What Is AAA?
AAA stands for Authentication, Authorization and Accounting — the framework that controls network access in three steps: prove who you are, decide what you are allowed to do, and record what you did.
The three A's
- Authentication — who are you? Verifying identity with a password, certificate or token before granting access.
- Authorization — what are you allowed to do? Deciding which commands, resources or areas an authenticated user can use.
- Accounting — what did you do? Logging actions and session details for auditing, billing and forensics.
Why centralise it
Configuring users on every device individually does not scale or stay secure. AAA centralises identity on a server so access is consistent and instantly revocable. The two protocols that carry AAA are RADIUS and TACACS+ — compared in RADIUS vs TACACS+.
AAA in practice
When an engineer logs into a switch, the device asks a AAA server to authenticate them, authorises which commands they can run, and accounts every command for audit. It underpins 802.1X and is core CCNA/CCNP security material. Strengthen authentication further with MFA.
Frequently asked questions
What does AAA stand for?
Authentication, Authorization and Accounting — a security framework that verifies identity, controls what an authenticated user can do, and logs their actions.

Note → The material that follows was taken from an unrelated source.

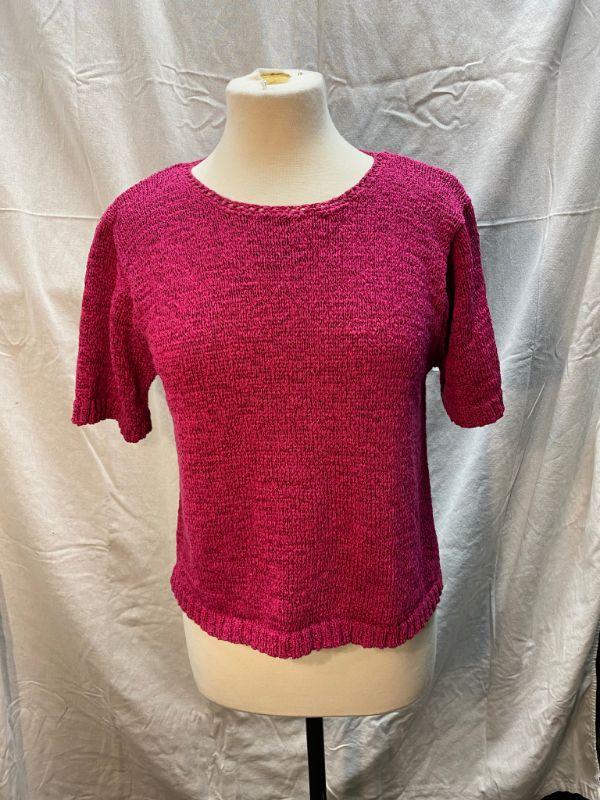 Norm Thompson Fuchsia Short Sleeve Sweater Blouse Size Large YD#020-1220-02039

What is the difference between authentication and authorization?
Authentication proves who you are (verifying identity). Authorization decides what you are allowed to do once your identity is confirmed.
What protocols are used for AAA?
RADIUS and TACACS+ are the two main AAA protocols. RADIUS is an open standard; TACACS+ is Cisco-developed and separates the three A's more granularly.
Why is AAA important?
It centralises access control, so identity is managed in one place, permissions are consistent, access is instantly revocable, and every action is logged for audit.